3. Adanya peroksida ditandakan dengan hasil yang didapat dari percobaan ini adalah uji
positif pada minyak kelapa (baru), minyak jelantah , dan minyak ikan yaitu membentuk
cincin ungu,sedangkan pada susu kedelai, dan kuning telur adalah uji negatif tidak
membentuk cincin ungu.

Adanya fosfat ditandakan dengan diperoleh larutan keruh yang berwarna kuning dan
adanya cincin coklat. Hal ini menunjukkan uji positif pada kuning telur, ,minyak jelantah,
minyak goreng baru, dan minyak ikan bahwa di dalam lesitin mengandung fosfat dan
berwarna kuning.

4.Angka penyabunan adalah jumlah miligram KOH yang diperlukan untuk menyabunkan 1
gram lemak.
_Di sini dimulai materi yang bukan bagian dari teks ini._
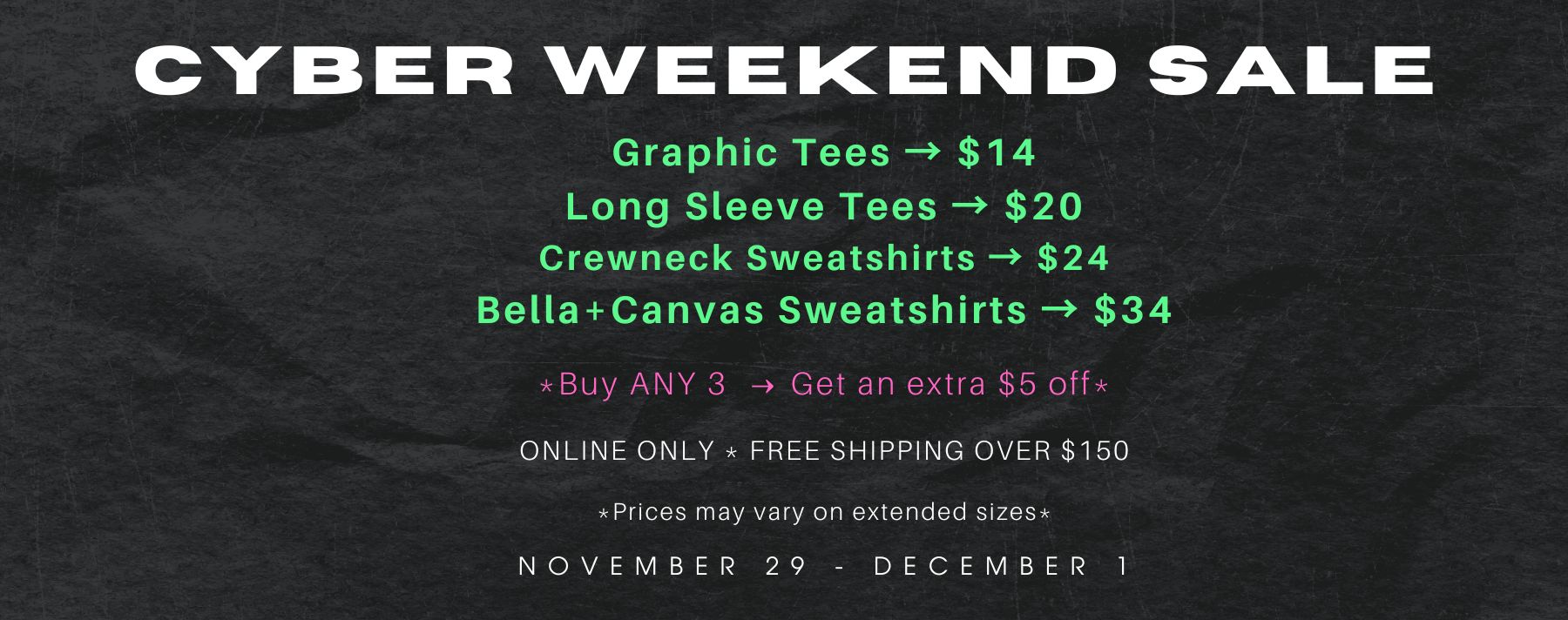 In addition to curating high-quality, trendy and affordable clothing, we also design and print our own graphic tees in house. Custom orders are welcome!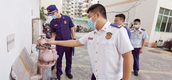 周理(前)帶隊開展消防安全重點單位“六熟悉”工作。

Fungsi angka penyabunan dapat dipakai untuk menentukan berat molekul
(BM) lemak/minyak

5.Angka iod adalah jumlah miligram KOH yang diperlukan untuk menetralkan asam asetat
yang dibebaskan pada reaksi astilasi 1 gram lemak. Fungsi angka asetil dapat digunakan
untuk menentukan jumlah gugus hidroksil (OH) pada asam lemak.